> [What you will do]:
When you reach the line containing "We further measure" in the records below, set it down exactly, together with every later line through the end, but not the pictures.

> [Stored dataset items]:
··········
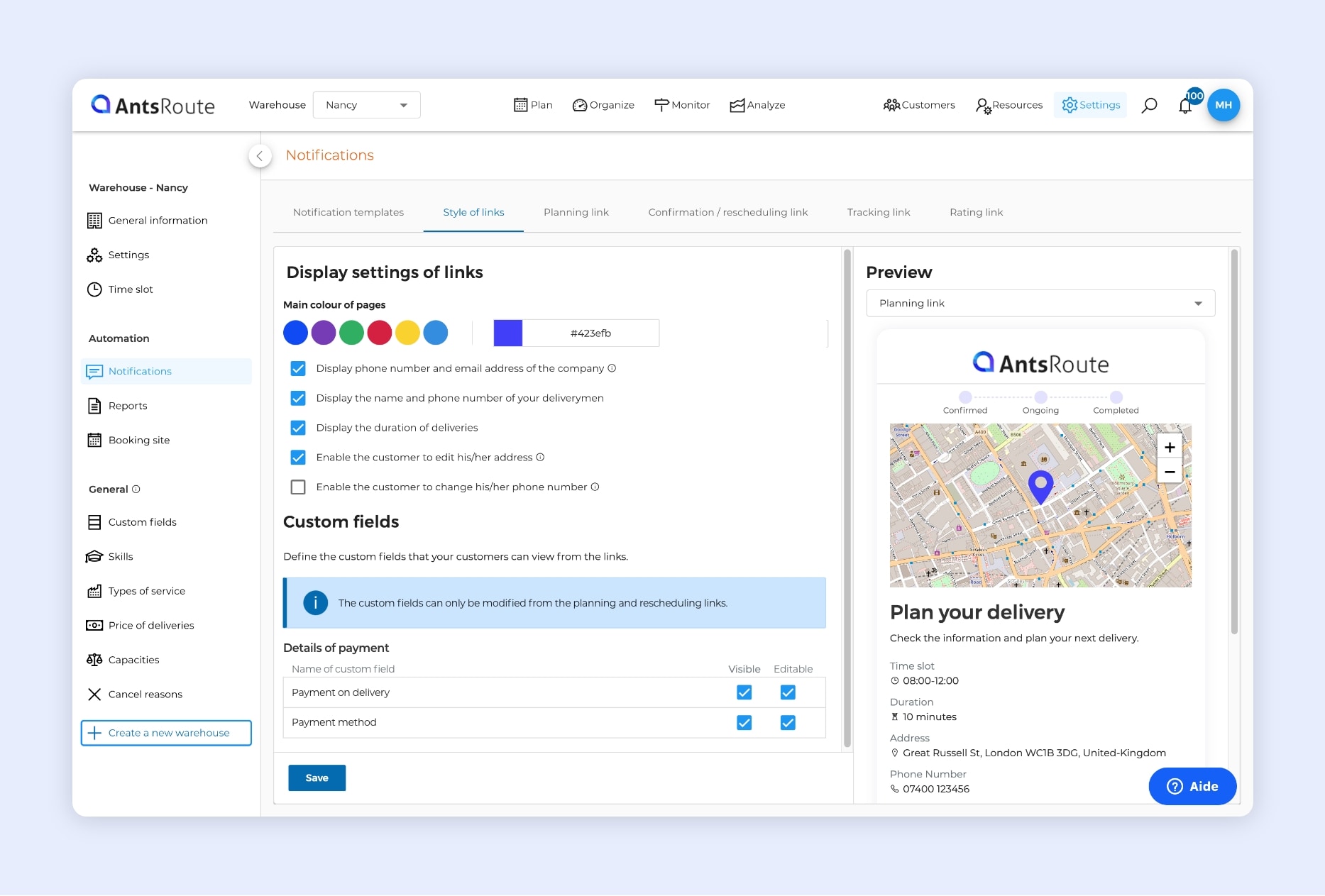 As a reminder, AntsRoute offers its users the possibility of keeping their customers updated by sending text messages or e-mails. These notifications, whether manual or automated, can include links:
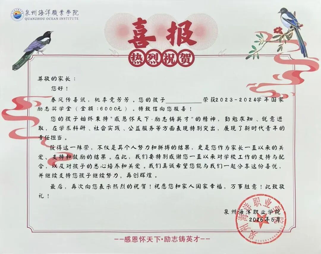 泉海荣光传家乡 从校园到家门,这份国奖喜报承载着骄傲与祝福
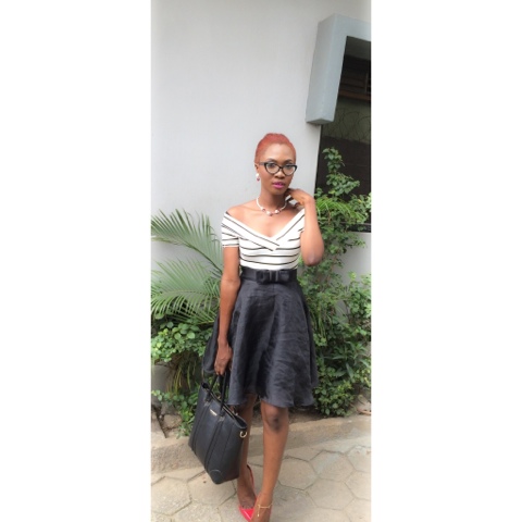 Got this black flared skirt and decided to match it with this striped off shoulder top. Didn't want anything heavy so I decided to use this beautiful necklace set to spice up my outfit.  And as for my hair I packed it and chai, I'm loving my red hair more and more by the minute.
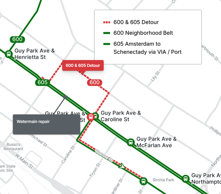 Route(s): 600, 605 Eastbound Detour due to Construction
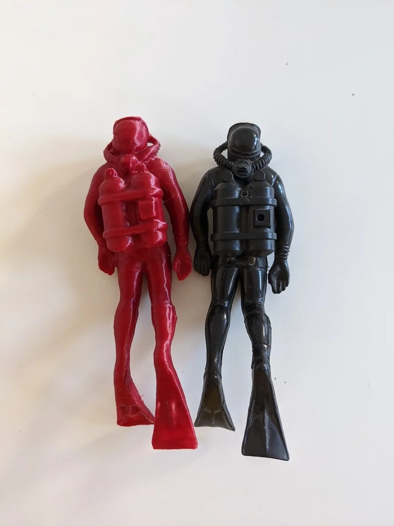 Mẫu thợ lặn Scuba [PHIÊN BẢN CŨ] này đã lỗi thời—bạn nên xem bản mới theo link kèm theo. Model được dựng lại từ tượng nhựa thật bằng photogrammetry và chỉnh sửa trong Blender để dễ 3D print.
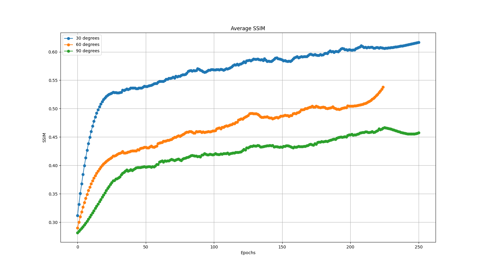 We further measure PSNR and SSIM as measures of reconstruction quality during training. The curves show the superiority of the quality as you reduce the viewing range.
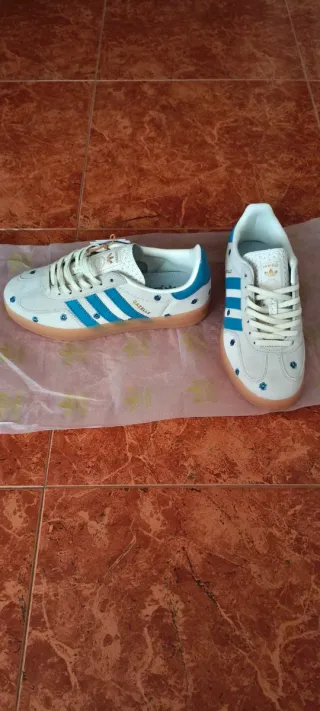 Zapatillas Adidas Gazelle en talla 40 2/3. Un clásico deportivo con un diseño llamativo. - Diseño con las icónicas tres franjas. - Detalle de color turquesa en las franjas y el talón. - Material de ante suave al tacto. -usadas pero con mundo por delante -auténticas,se envían con su caja No hago envíos por Correos
··········
> [Finished exercise]:
 We further measure PSNR and SSIM as measures of reconstruction quality during training. The curves show the superiority of the quality as you reduce the viewing range.
 Zapatillas Adidas Gazelle en talla 40 2/3. Un clásico deportivo con un diseño llamativo. - Diseño con las icónicas tres franjas. - Detalle de color turquesa en las franjas y el talón. - Material de ante suave al tacto. -usadas pero con mundo por delante -auténticas,se envían con su caja No hago envíos por Correos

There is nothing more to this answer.